Мы были уже не молоды, но Мариама все еще оставалась красивой женщиной. В знойном, влажном до сырости мраке я видел, как она приподнимается, приоткрывает глаза и у себя над головой, где-то в дырявом своде, рассматривает кусочек чуть более светлого неба, а еще я угадывал, как она беспокойно разглядывает пол, так как, судя по звукам, лужи увеличивались и постепенно окружали нас. Она не жаловалась. Она оглядывалась по сторонам и не закрывала глаза. Я тоже. Мы оба боялись провалиться в сон, как будто опасаясь, что по недосмотру допустим несчастье. Словно боялись пропустить обрушение стены или следующую степень обветшания жилища. Я очень хорошо помню эти раскаленные, мокрые ночи, которым, казалось, никогда не будет конца. В моих воспоминаниях мы не произносили ни слова. Дождь неистовствовал, колотил вокруг нас и снаружи. Я лежал возле Мариамы и не мог заснуть, взмокший, как и она, от дождя и пота, и мы не произносили ни слова.
Часто на ней была синяя лагерная рубаха с капюшоном из плетеной травы, часто на ней не было ничего, одна лишь скрученная вокруг шеи тряпка, которую время от времени она снимала, чтобы вытереть грудь или лицо. Иногда нас окутывал слабый свет, который делал ее почти зримой. Я смотрел на ее ноги, опускал взгляд до щели, в которую я, возможно, если бы она выразила желание, ввел бы свой член, возможно и даже охотно, так как, несмотря ни на что, именно эта генетическая установка у меня сохранилась, к тому же с придатком и сопутствующими речами. Смутно или нет, но Мариама, несомненно, догадывалась об этом немом вожделении, предметом которого была она сама, об этом запросе, целью которого была часть ее самой. Да, она, несомненно, об этом догадывалась.
Но игнорировала.
Она ничего у меня не просила, не делала ничего, что было бы похоже на просьбу или хотя бы ожидание какого-либо проникновения.

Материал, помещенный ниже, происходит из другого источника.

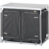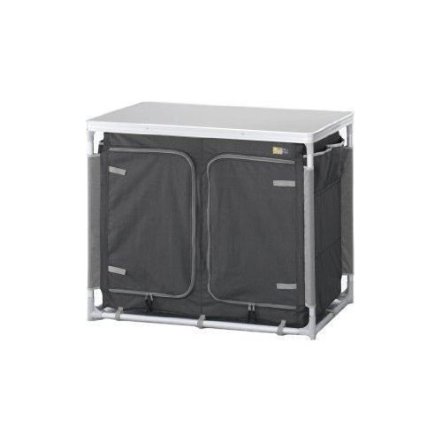 Nicht genug Stauraum? Kein Problem für diese stabile Campingküche mit 6 Fächern. Oberfläche und Böden sind mit Aluminiumrahmen versehen, 4 verstellbare Füße und seitliche Aufbewahrungsfächer. Farbe Grau
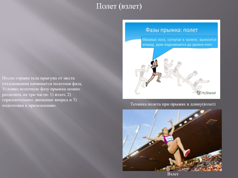 Условно полетную фазу прыжка можно разделить на три части: 1) взлет, 2) горизонтальное движение вперед и 3) подготовка к приземлению.
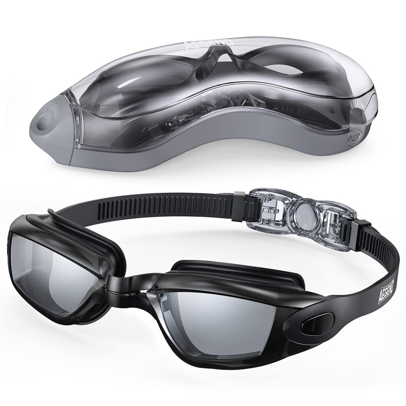 Aegend Swim Goggles, Swimming Goggles No Leaking Full Protection Adult Men Women Youth, Black-color Lens
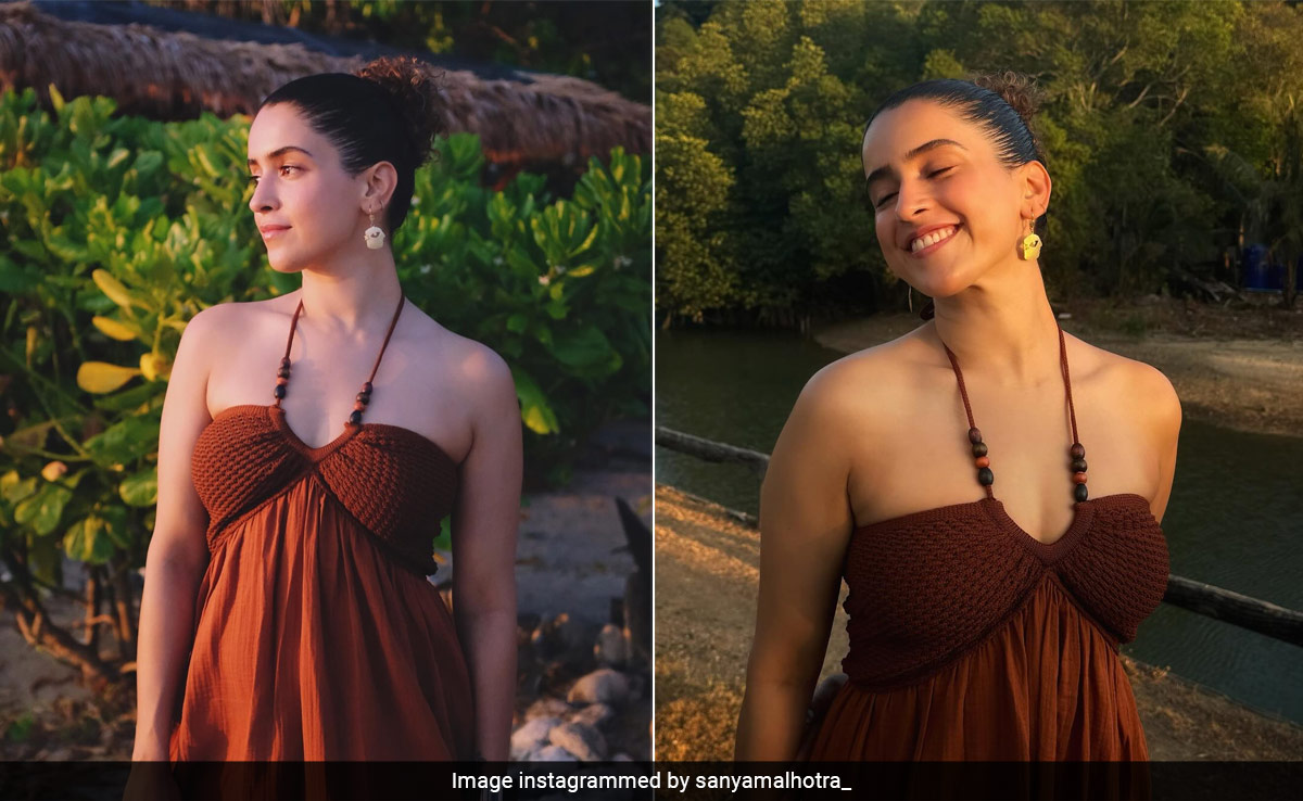 Sanya Malhotra had the time of her life during her recent Thailand vacation and her Instagram timeline stands as proof. She was kind enough to share glimpses of her beach getaway on the platform, with a sprinkle of her tropical fashion. In her latest social media entry, the Jawan actress slipped into a halter neck mini dress. She channeled her inner Moana in the flowy fit, featuring halter neck straps and a knitted bustier. The delicate monotone beadwork on the straps added a coastal edge to the fit. Cascading down in pleats, the breezy ensemble aligned with Sanya's mood for relaxation. White shell earrings and a watch were her sole accessories for the day out. For makeup, the diva allowed her natural radiance with rosy cheeks and glossy pink lips offering the finishing touches.

Вода стекала в канавки, которые мы выкопали перед домом. Она журчала вдоль досок порога, которые мы продавили, чтобы выводить потоки наружу. Она с бульканьем капала на наши тела и в лужи, которые увеличивались вокруг кровати. Она лилась вертикально в том месте, где накануне вечером прорвало крышу. В ее распевах на разные водные голоса не было ничего страшного, даже напротив, слышались убаюкивающие интонации. Воспринимая ее как неотъемлемую часть ночи, мы начинали слышать и другие звуки. Как, например, звук воздуха, с трудом проходящего через горло Мариамы. Она дышала, как дышат после бега, покушения или преступления.
Она дышала, как дышат после лагеря.
Я и сам задыхался.
Не сводя глаз с отверстия, являвшего нашу половую разницу, разницу между ней и мною, не сводя глаз, словно магнитом притянутых к едва различимой в темноте вульве, я задыхался.
Все на минуту зависало, и во мне просыпались былые образы разврата, память об атавистических схватках, головокружениях и запахах. Затем я отводил взгляд и заставлял себя перебирать в уме менее чувственные воспоминания. Внутри моей головы зрелище прекращалось или, точнее, превращалось во что-то запредельное, за гранью ностальгии, фрустрации или фаталистической тоски. Образы коитуса становились абстрактными и, спустя несколько минут, совершенно неадекватными, невнятными.
А когда Мариама меняла позу, ее тело полностью исчезало, растворялось в ночи, пропадало.
А еще нам обоим приходилось вскакивать и как можно быстрее заделывать брешь, которая образовывалась в желобках, несколько минут ворошить булькающую грязь, шуровать во тьме, волновать наше общее молчание, наше изнуренное соучастие. Мы делили беду изо всех сил. Затем мы вновь ложились, рука в руку, бок о бок, счастливые, оттого что снова чувствовали себя неподвижными и спасенными от воды.
Короче, не знаю, играло ли состояние крыши определяющую роль в этой истории, но сезон дождей никогда не благоприятствовал нашим с Мариамой ночным соитиям.